Work request: Find the line with "Hemos realizado una" in the records below. Output exactly from there until after the line with "Large baroque corner", without pictures.

Data to use:
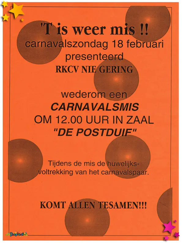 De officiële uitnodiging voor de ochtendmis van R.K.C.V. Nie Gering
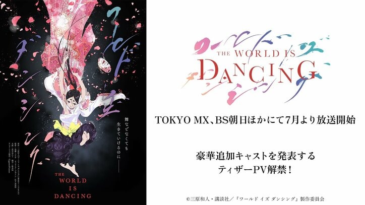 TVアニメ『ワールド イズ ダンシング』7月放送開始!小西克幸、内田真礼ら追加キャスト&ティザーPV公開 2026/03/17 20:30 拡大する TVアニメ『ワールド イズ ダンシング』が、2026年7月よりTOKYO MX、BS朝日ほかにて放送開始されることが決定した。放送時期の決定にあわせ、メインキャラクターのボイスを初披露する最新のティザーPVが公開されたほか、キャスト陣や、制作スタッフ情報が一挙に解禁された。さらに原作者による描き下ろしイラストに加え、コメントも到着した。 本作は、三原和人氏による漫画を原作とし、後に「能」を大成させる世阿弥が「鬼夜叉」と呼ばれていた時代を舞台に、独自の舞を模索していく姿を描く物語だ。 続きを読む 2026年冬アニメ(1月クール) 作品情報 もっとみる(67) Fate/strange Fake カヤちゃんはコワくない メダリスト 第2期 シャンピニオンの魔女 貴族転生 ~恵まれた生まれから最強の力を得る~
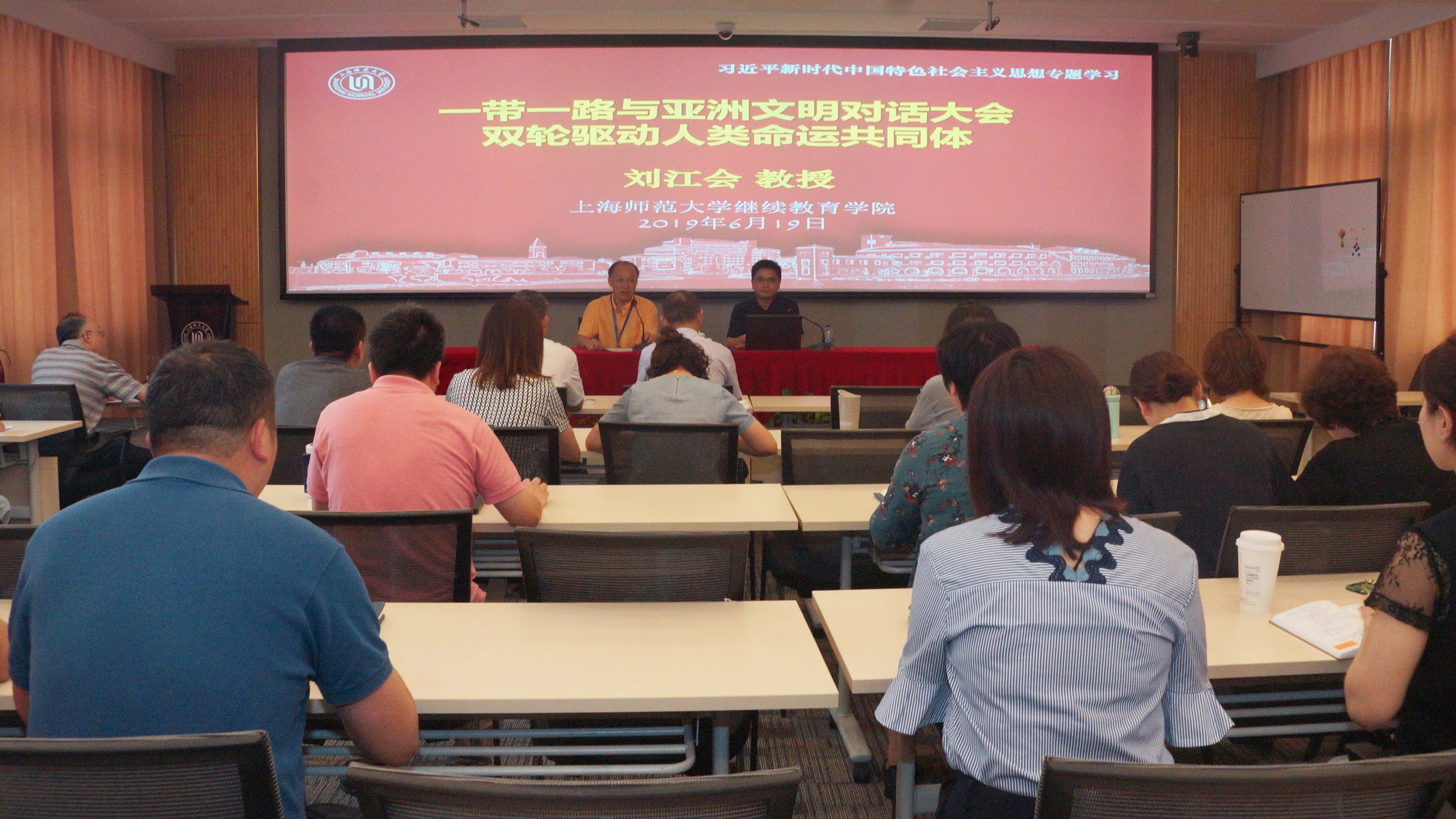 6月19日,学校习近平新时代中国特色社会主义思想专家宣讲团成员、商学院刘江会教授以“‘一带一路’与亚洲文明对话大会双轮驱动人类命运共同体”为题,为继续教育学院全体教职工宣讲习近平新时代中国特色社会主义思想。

---

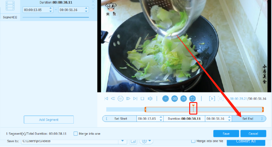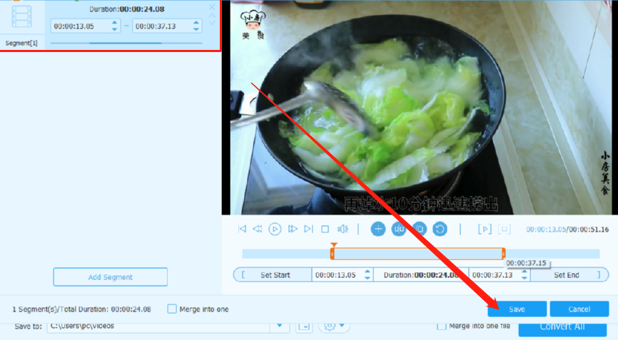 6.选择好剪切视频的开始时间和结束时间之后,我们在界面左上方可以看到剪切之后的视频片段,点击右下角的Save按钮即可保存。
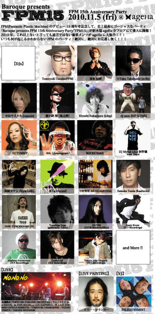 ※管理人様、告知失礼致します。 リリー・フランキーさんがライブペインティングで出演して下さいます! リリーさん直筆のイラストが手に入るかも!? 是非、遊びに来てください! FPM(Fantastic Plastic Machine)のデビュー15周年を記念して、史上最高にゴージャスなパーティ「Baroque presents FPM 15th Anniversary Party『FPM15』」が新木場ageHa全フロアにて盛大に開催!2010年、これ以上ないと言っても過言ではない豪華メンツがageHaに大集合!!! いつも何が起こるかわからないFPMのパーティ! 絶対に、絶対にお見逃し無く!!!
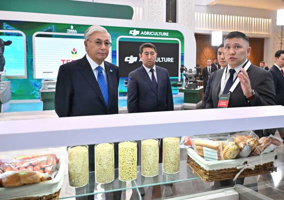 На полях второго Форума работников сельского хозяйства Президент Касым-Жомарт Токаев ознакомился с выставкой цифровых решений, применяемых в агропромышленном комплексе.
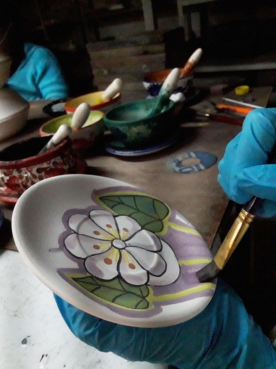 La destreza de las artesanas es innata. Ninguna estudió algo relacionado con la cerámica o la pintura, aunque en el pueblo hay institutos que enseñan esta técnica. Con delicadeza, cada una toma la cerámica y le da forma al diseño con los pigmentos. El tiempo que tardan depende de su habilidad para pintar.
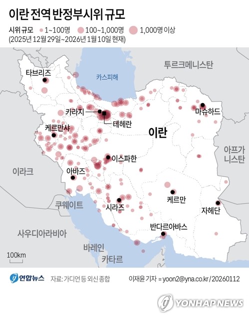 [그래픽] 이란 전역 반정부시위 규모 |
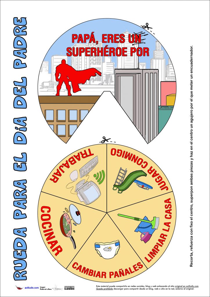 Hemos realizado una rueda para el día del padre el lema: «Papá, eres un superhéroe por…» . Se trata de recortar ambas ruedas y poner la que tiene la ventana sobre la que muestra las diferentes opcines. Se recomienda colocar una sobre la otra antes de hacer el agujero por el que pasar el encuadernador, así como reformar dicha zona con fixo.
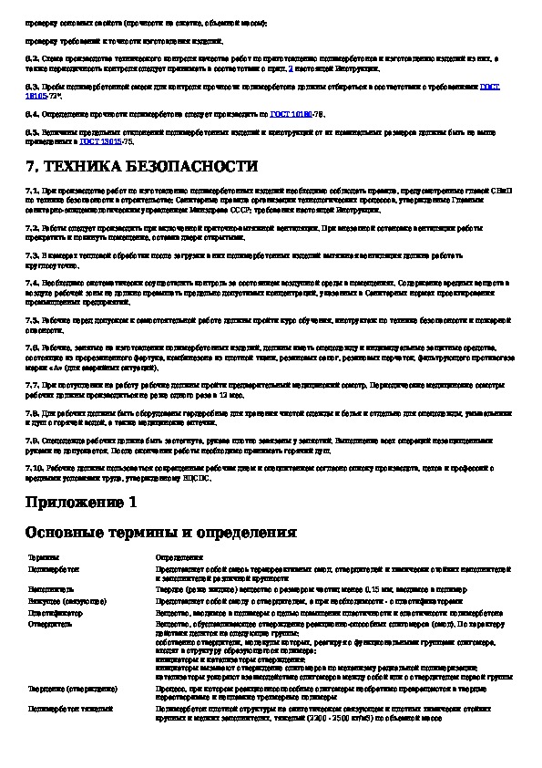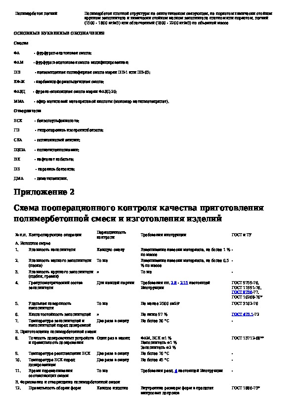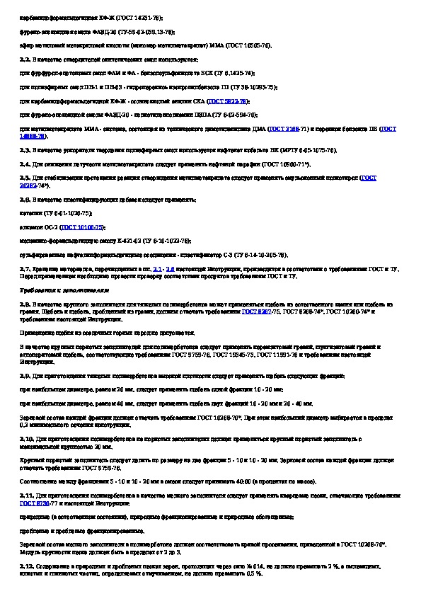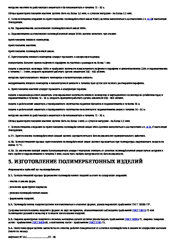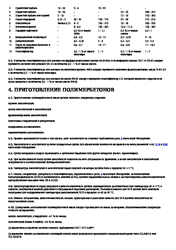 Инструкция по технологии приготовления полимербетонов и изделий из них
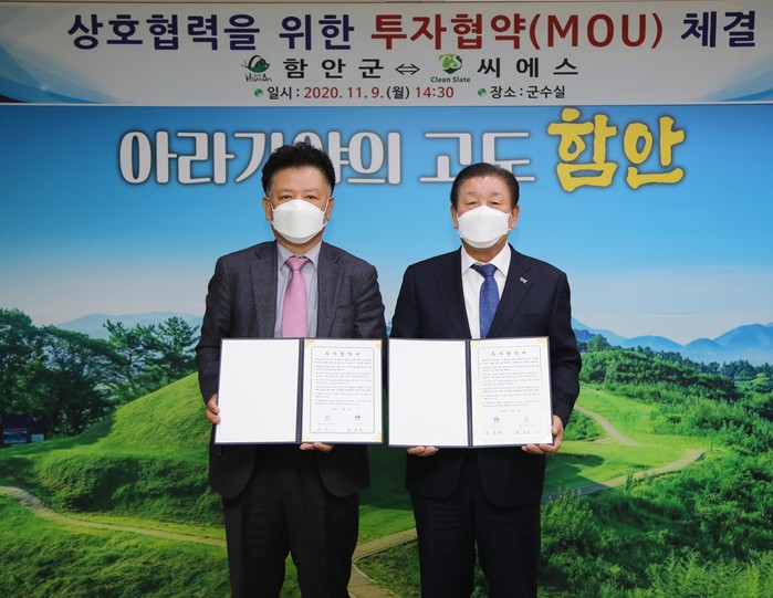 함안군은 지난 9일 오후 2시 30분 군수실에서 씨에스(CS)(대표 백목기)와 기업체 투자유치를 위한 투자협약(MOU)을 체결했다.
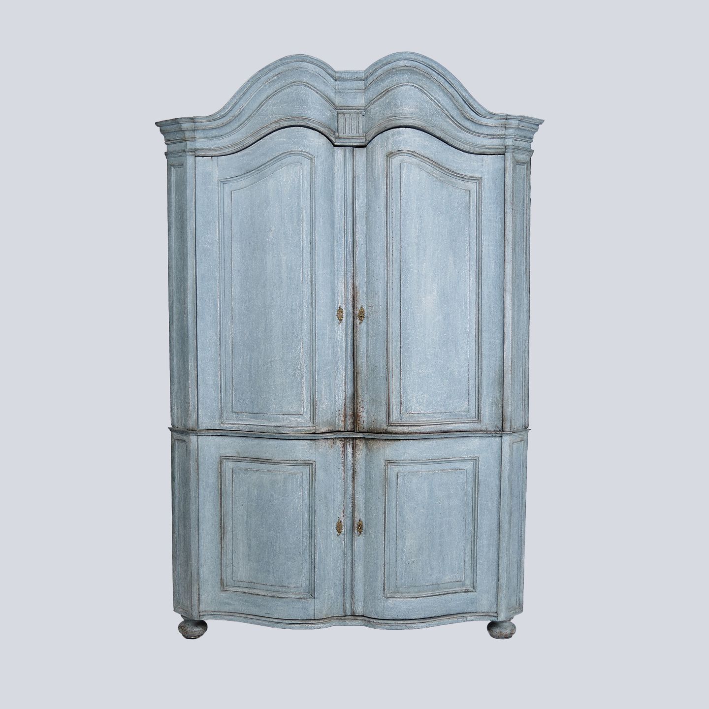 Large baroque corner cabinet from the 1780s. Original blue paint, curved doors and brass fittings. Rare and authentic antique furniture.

Exercise output:
 Hemos realizado una rueda para el día del padre el lema: «Papá, eres un superhéroe por…» . Se trata de recortar ambas ruedas y poner la que tiene la ventana sobre la que muestra las diferentes opcines. Se recomienda colocar una sobre la otra antes de hacer el agujero por el que pasar el encuadernador, así como reformar dicha zona con fixo.
 Инструкция по технологии приготовления полимербетонов и изделий из них
 함안군은 지난 9일 오후 2시 30분 군수실에서 씨에스(CS)(대표 백목기)와 기업체 투자유치를 위한 투자협약(MOU)을 체결했다.
 Large baroque corner cabinet from the 1780s. Original blue paint, curved doors and brass fittings. Rare and authentic antique furniture.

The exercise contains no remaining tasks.